Qual è la principale novità delle Aree Idonee Fotovoltaico 2026?

La Legge 4/2026 Agrivoltaico introduce il concetto di “idoneità ex lege”. Significa che aree come cave dismesse, siti industriali e zone adiacenti alle autostrade sono considerate automaticamente idonee, riducendo i tempi di autorizzazione di 1/3 e limitando la discrezionalità degli enti locali.

Come vengono effettuati i controlli dai Comuni?
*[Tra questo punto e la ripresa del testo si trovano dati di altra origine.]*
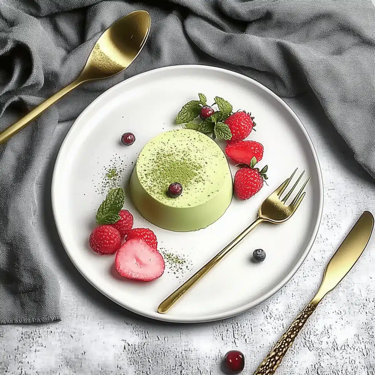To serve your glorious Creamy Matcha Panna Cotta, briefly dip the bottom of the ramekins in hot water for 10-15 seconds. This helps loosen the edges of the dessert. Invert them onto your serving plates, gently lifting to reveal the beautiful panna cotta. Garnish with fresh berries and mint leaves for an appealing presentation and added flavor just before enjoying.

Secondo il Testo Unico FER 2026, i Comuni devono verificare per 5 anni che l’impianto mantenga l’attività agricola. Se la produzione agricola scende sotto l’80% della produzione lorda vendibile (PLV) dichiarata, sono previste sanzioni e la possibile perdita della qualifica di impianto agrivoltaico.

È ancora possibile installare il fotovoltaico a terra in zona agricola?

Sì, ma con forti restrizioni. La Legge 4/2026 Agrivoltaico lo consente solo per le Comunità Energetiche Rinnovabili (CER) o per progetti finanziati dal PNRR. Per tutti gli altri casi, l’unica via ammessa in zona agricola è l’agrivoltaico con moduli elevati da terra.

Cos’è il “Contatore SAU” introdotto dal MASE?

Il Contatore SAU è uno strumento digitale che monitora in tempo reale quanta Superficie Agricola Utilizzata è occupata da impianti FER. Le Aree Idonee Fotovoltaico 2026 a livello regionale devono restare entro un limite compreso tra lo 0,8% e il 3% della SAU totale.